三輪先生の国際関係論⑨ 地政学の今昔

 

 ドイツから地政学が日本の学界に流入したのは、まだヒトラーの現状打破が日常現象になる前のことであった。つまり侵略の御用学問視されるような状況下ではなかった。しかし日本の学者はそれを真剣に対応すべき学問の名に値するものとは捉えていなかったといえる。せいぜい床屋談義レベルの世間知に過ぎないと捉えていた節がある。その中で新しいものに知的刺激を敏感に感じる京都大学の教授がいた。東京では東大よりも、慶大の教授が速やかに反応した。

 ヒトラーが政権を掌握する頃には、京大では、ドイツ地政学の現状打破の侵略的傾向と一線を画すために、「皇道の地政学」などと天皇の徳治の学術的提言を目指すものとの位置づけがされた。

 そこに現実政治に満州事変という国際的に日本を孤立化させてしまう難題が関東軍の独走によって惹起した。その独走が満洲帝国の創設という暴走になった時、お鉢は東京帝国大学の教授に回ってきた。学術的弁明がきたいされたのである。

 政治学の教授、蝋山政道は、ドイツからたどり着いたばかりだった頃、地政学を胡散臭くかんじていたのだが、国際連盟で批判にさらされ、ついに脱退してしまった日本の救済に使ってみたらどうだろうと考えた。5カ年計画等で、日本の国防に脅威となりつつあるソ連に対処するのに、満州国という存在が肯定的に説明されなければならなかった。地政学の援用がそれを可能にするものと思われたのである。蝋山教授がどんな提言に達したものか、私は詳らかにしない。

 ただ判っている事は、太平洋戦争に敗れた日本で、占領軍に日本通の学者として意見を具申していたカナダ人外交官E.H.Normanは戦争協力をした学者の追放リストをつくるべく東京大学を調べたりしていた。

 そんな占領軍の動向に反応協力したのでもあろうか、プレスコードで、「大東亜共栄圏」「大東亜戦争」「八紘一宇」「英霊」のような、軍国主義や戦争を煽った言葉の使用を禁じたとき、東大教授で、「地政学」も止めようと提案した者があった。その結果、戦時中には旧制の高等学校のカリキュラムにまで正式に組み込まれていた「地政学」は、日本の高等教育の場から追放されてしまったのである。

 それは日本に限った事ではなく、本家本元のドイツではもっと徹底して抹殺されてしまったようである。私の講義を聞いていたドイツ語系スイス人の学生は、ハンブルクに行って、市内の図書館でハウスホーハーの地政学研究所のことを訊ねると、若い司書は「地政学」という言葉すら聞いたこともなく、「それってなんですか」と言ったそうである。
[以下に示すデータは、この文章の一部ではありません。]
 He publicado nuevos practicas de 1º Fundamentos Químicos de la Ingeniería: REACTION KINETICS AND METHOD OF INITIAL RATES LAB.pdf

 日本の国会図書館の場合、占領軍が「地政学」を含み、軍国主義を煽った書籍類を「秘かに、パルプ化するべし」と極秘に通達してきた時、一応、従った振りはした。確かにカードファイルは除去され、閲覧する事は出来なかったが、占領が終結し、そして何年かたったころ、カードの撤去はそのままにしながら、蔵書を逐一記載した重厚な書籍として復活させた。
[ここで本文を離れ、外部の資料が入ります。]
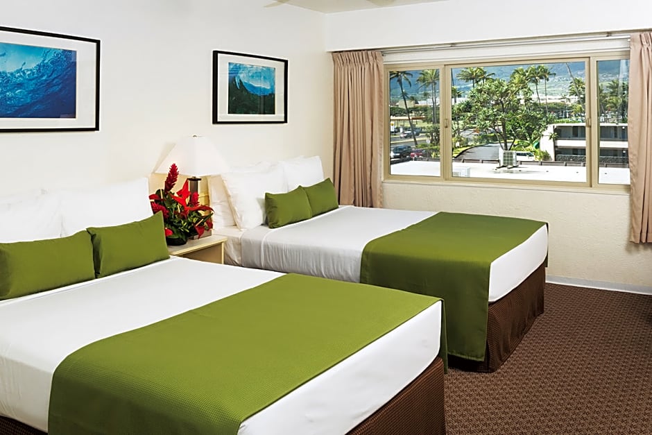 Maui Seaside Hotel rooms are clean and comfortable, with tropical views of the water, gardens or mountains. Rooms are equipped with 2 double beds or 1 king, featuring triple sheeting. Rooms are also equipped with flat screen TV, A/C, ceiling fan, private bathroom, hair dryer, direct dial phone, radio and alarm clock. You’ll be offered the best available room upon check-in at one low price. We do not charge a resort fee.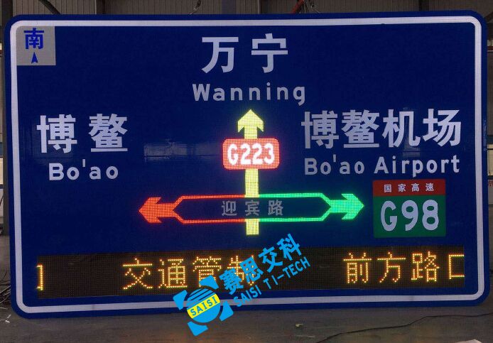 2、標志版面整體采用主動發光技術,路網框體部分嵌入三基色LED光帶誘導屏體。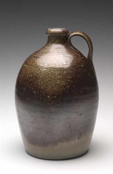 The Craven family is one of the most notable North Carolina potting dynasties, beginning with Peter Craven (circa 1712–1791), who moved to North Carolina around 1745. Fifth-generation Craven potter Jacob Dorris Craven was one of the most prolific potters in North Carolina, producing as much as 6,000 gallons of jugs, crocks, and pitchers a year. He partnered frequently with his brother Thomas Wesley, as manifested by this jug marked “J.D. & T.W. CRAVEN”. Two of Jacob’s sons also became potters. Little work survives from Thomas, since he lived only to the age of twenty-nine.

  その間に、私自身はアメリカはワシントンのジョージタウン大学に留学していた。学部の授業でも、地政学は政治学とか、国際関係論とか、近現代史のなかで触れられていた。平和を志向した日本は、地政学を侵略の学問として追放してしまったのである。その後プリンストン大学の大学院で学んだ時には、アメリカでは歴史科目の中に「軍事史」が含まれるのが当たり前、と知った。ヨーロッパ諸国でも、そうらしい。しかし日本では、軍事史を独立した科目として教えている大学はあったとしても、稀だろう。

 そんな次第で、欧米諸国とは異なった道をたどった日本の地政学は、ここへ来て、忽然と花形学問になったかに見える。

  それに関連して思い出すことがある。日本国際政治学会から派生したように、日本平和学会が発足していたが、何回目かの年次大会の折、理事会の若い学者に、大会の報告に平和が敗れて戦争になっていく過程を取り上げるものが無いのを訝って意見したことがある。戦争の原因を追究する研究を、平和構築の智恵の創出のためにしなければならないと、強く感じたからである。

 中東の歴史は紛争の歴史であり、三大一神教が誕生した地域である。聖書学者によると、旧約が出来た頃と、現代と、憎しみ、相互不信と報復、そして報復に対する報復、という紛争の連鎖は二千年前と変わりがない。彼らはこれを「原罪」のためとするのだろうか。日本人なら人間存在の「業」と言うのだろうか。